○…裏金の常態化判明に揺れるプロ野球界とアマ野球界。元早大選手に高校時代から金銭供与し、表面化の発端となった西武球団側の最終調査報告を待たず、同選手の母校である東北地方の私学強豪校が野球部の一時解散を決めた。野球部員の奨学金制度が日本学生野球憲章に違反することも受けての措置だが、どうも納得がいかない決定に思えて仕方がないのは筆者だけだろうか。
○…部員90人を超える大所帯。全員が退部すると知り、思い切った措置をとったものだと思った。同好会として野球を続けるとも報じられ、部員の気持ちに胸が痛んだ。だが、詳報が伝えられるにつれ、“真相”は微妙に違うことが分かった。「一時」解散だそうである。県高野連の「解散届」受理に伴い、日本高野連は「出直せる形まで立ち直ったかが確認できれば、加盟は認められる」という。
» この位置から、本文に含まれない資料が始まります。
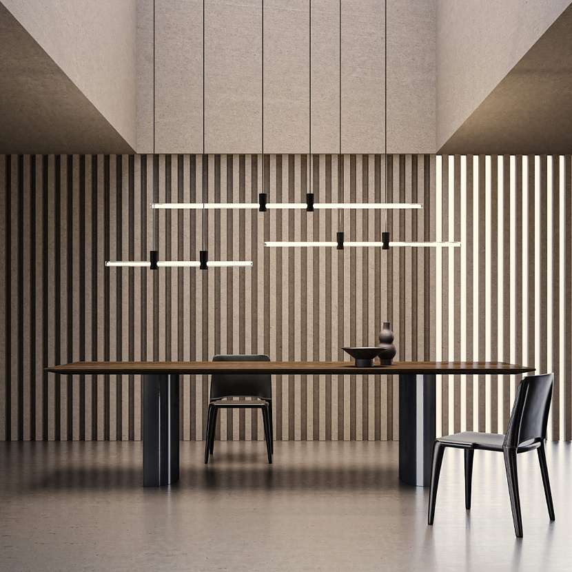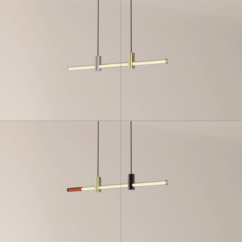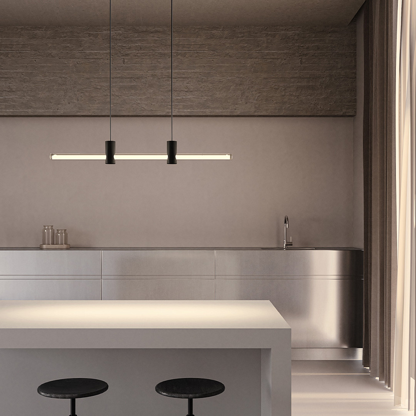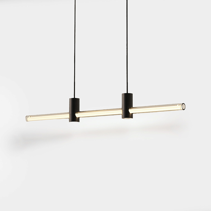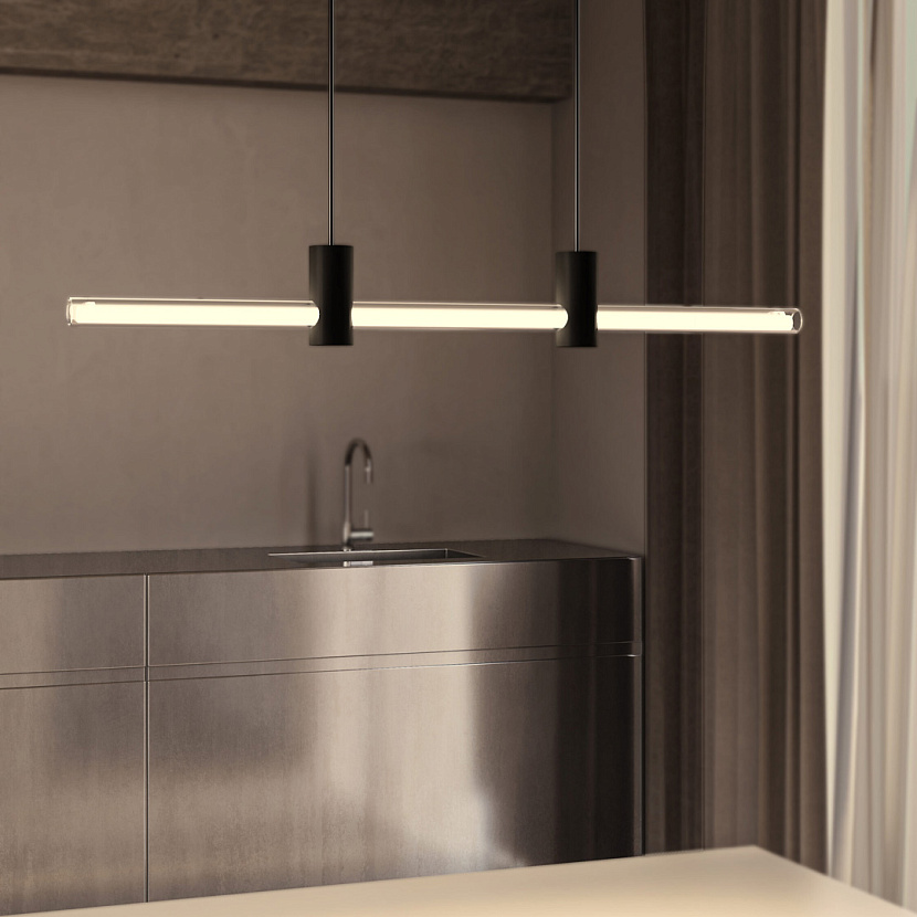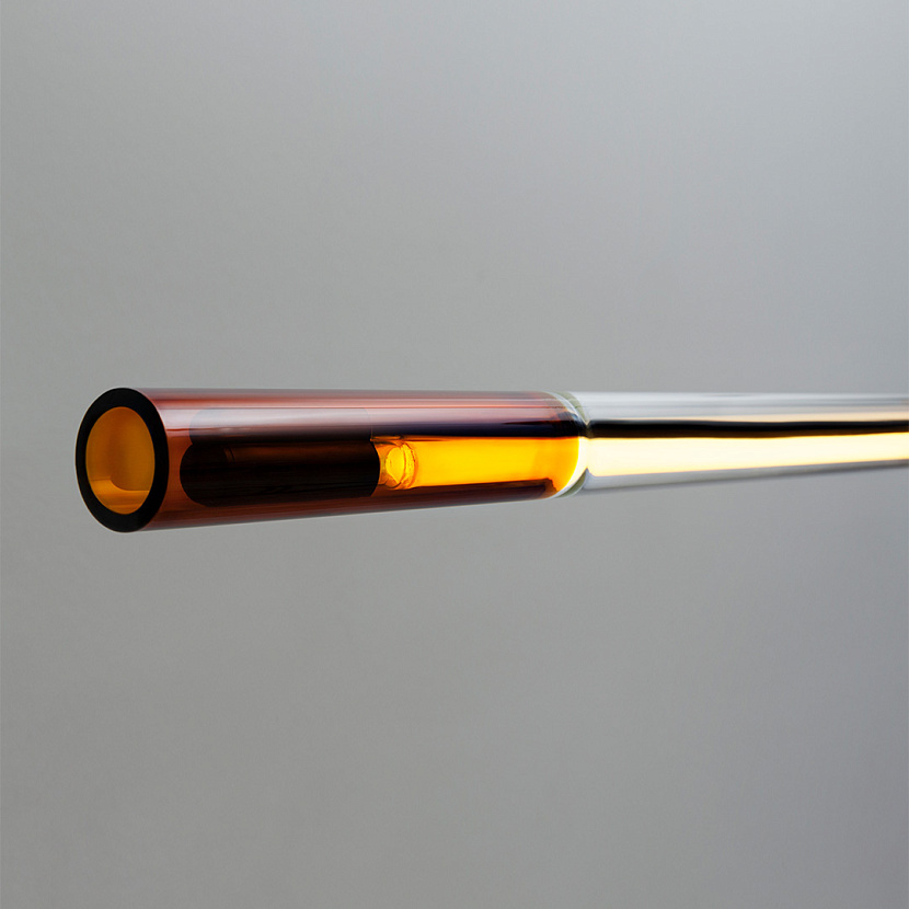 Отличительная особенность подвесного светильника Line — тонкий баланс лёгкого и массивного. Трубка из прочного боросиликатного стекла проходит сквозь бронзовые крепления, подчёркивая контраст материалов. Затемнение «под янтарь» усиливает визуальный эффект минималистичного изделия.

○…すなわち、夏の県大会の抽選までに「立ち直れば」再加盟が承認され、大会出場の道も開かれる可能性を示唆した。当初、日本高野連は「除名も視野にした厳しい処分」を検討するとみられた。除名となれば再加盟はかなわない。野球部解散を発表した校長は「除名逃れではない」と強調したというが、一日も早い再加盟をにらんだ緊急避難的な措置と勘ぐられても仕方あるまい。
○…同校は既に、元選手と西武との契約書に連名でサインした当時のコーチを懲戒解雇処分にし、校長や当時の野球部長、監督ら4人をけん責処分とした。裏金問題の関係者処分は済んだ。奨学金の件は制度の廃止と該当部員の解約書提出を確約し、これをもって「出直し」の宣言とすればいい。早急に新しい指導体制を確立し、再出発すれば良かったのではないか。「解散」というインパクトのある言葉を使ったのは、反省を強くアピールしてみせたとしか筆者には思えない。「一時的」ならばなおさらである。
○…何も、すぐに廃部すべきだと言っているのではない。本当に「解散」というのなら、来年度以降の部員募集をやめ、現在の1年生部員の卒業をもって「永久的に廃部」とすればいい。それこそ、在籍部員のことを考えた立派な決断であり、日本高野連が常日ごろ標ぼうする「教育の一環」ではないだろうか。野球部のない高校は幾らでもある。
○…裏金問題の温床となった希望入団枠。「ファンのためにもクリーン化のアピールを一刻でも早く」と、アマ側もプロ選手会側も希望枠の撤廃で一致した。しかし、「職業選択の自由」を掲げ、“ドラフト逃れ”の恩恵を受けたのは、選手の側ではなかったか。1993年からの逆指名制度、自由獲得枠制度、希望入団枠制度。名前こそ変わったが、内定という特待生制度がドラフトをゆがんだ制度にした元凶だと、多くのファンは思っていたはずだ。
○…奨学金も経済的な援助という本来の目的を逸脱し、いわゆる野球留学の勧誘に利用されるから問題なのである。野球界の騒動を受けて、サッカーJリーグも不正なスカウト活動がないように各クラブに通達を出すという。しかし、入団決定時や契約更改の際に会見の場を設け、推定という形でおおよその金額が明らかになるプロ野球に比べ、Jリーガーの契約金や年俸はまだまだベールに包まれているといわざるを得ない。隠せば「裏」となる。すべては情報公開が基本である。
(4/23 掛井 一也)
「だんまく」とはスポーツ大会で目にする応援用「横断幕」の通称。時に温かい声援、時に檄文(げきぶん)の横断幕にならい、静岡県内スポーツ界の出来事を中心に、折に触れた話題を取り上げます。